How to make him understand? He’d shared his horrors with her. Could she share hers with him?

“I know you’re concerned your mother will make you marry someone you don’t want as a husband, but you’re no longer a child.”

“It’s more than that, Finn. My mother is an incredibly forceful woman. I didn’t realize how forceful—” She squeezed her eyes shut, fought back the stinging tears. Her chest tightened, her stomach knotted. Opening her eyes, she took a large, unladylike gulp of the beer, wondering if she could find solace in the brew, if it could help her relax, open up. “If I tell you something, you have to give me your word that you will not confront my mother.”

He narrowed his eyes. “Why would I want to?”

“Just promise me. Not you, not your brothers, not your sisters. None of your family goes near my mother.” She was not willing to risk his going to prison again, and she feared he might be angry enough to do something stupid.

“I give you my word.”

“I will hold you to it.”

He gave a brusque nod.

Taking another deep swallow of beer, she formed her thoughts. “About a year after you and I had planned to run off, I found myself in a position where I could no longer remain in residence. Mother and I had been having rows, you see. One night I lost control and slapped her, quite forcefully. I began packing to leave and she called for some footmen to take me in hand. My parents decided I had become too unruly, too wild. I needed to be brought to task, to be taught a lesson that they would not tolerate misbehavior. I was delivered to a madhouse.”

The rage that swept through him robbed him of breath, of words. He was barely aware of the tankard he’d been holding tumbling to the ground as he enfolded her in his arms, held her close as though he could protect her when it was far too late for that. “My God, Vivi.”

He rubbed his cheek along hers, aware of the slightest trembling in her body as she clutched the sides of his coat.

“It’s all right, Finn,” she whispered softly. “Like your time in prison, it was long ago.”

“But it never leaves you, not completely.
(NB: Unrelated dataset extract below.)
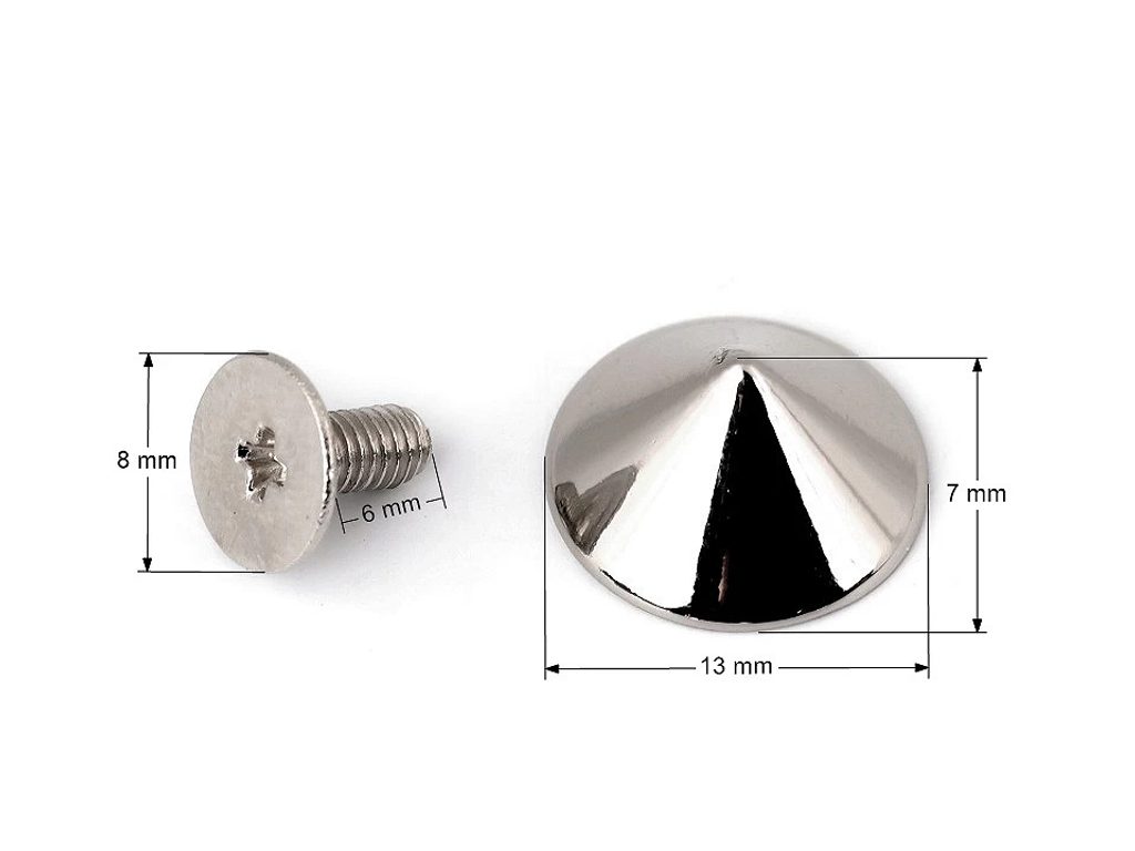 Šroubovací hroty skvěle ozdobí každou kabelku, psaníčko, oděvy, kožené bundy i boty. Skládají se ze dvou částí, které do sebe jednoduše zašroubujete. Můžete je použít i jako nožičky na kabelky.

Jesus, Vivi.” It seemed taking the Lord’s name in vain was all he was capable of at the moment. Then something occurred to him and he leaned back, studying her features. “What about Thornley? What the devil was he doing during all this? Why didn’t he stop it?” He was going to have a quiet word with his brother-by-marriage. A quiet word and a hard punch.

“He didn’t know. No one knew. Not even my brother. Mother told them I was traveling the continent with an old aunt. It wouldn’t do at all for it to be known their daughter had gone mad. Thorne wasn’t responsible for me yet, Finn. You can’t blame him.”

“How long?”

“Three years.”

Three years. Dear God. He knew exactly how long three years were when they were lived with no freedom. If her father weren’t already dead, he’d meet with him tonight and put him in the ground. “Thornley didn’t find it odd that you were away for three years?”

“He was in no hurry to marry, was sowing his oats. I think he rather found it a relief that no serious courtship was yet called for.”

“If I’d known—”

“What could you have done, Finn? From prison?”

He’d have found a way to escape, to save her. Having never felt so impotent in his entire life, he skimmed his knuckles along her soft cheek, searching for solace for them both. “How did you even survive something like that?”

“It wasn’t quite as bad as it could have been. Oh, there were the occasional ice baths and restraints. But as long as I was quiet and calm, I seemed merely to baffle the alienists. They couldn’t quite determine what was wrong with me. And I learned to fight, because while I might have tried to remain docile, not everyone did.”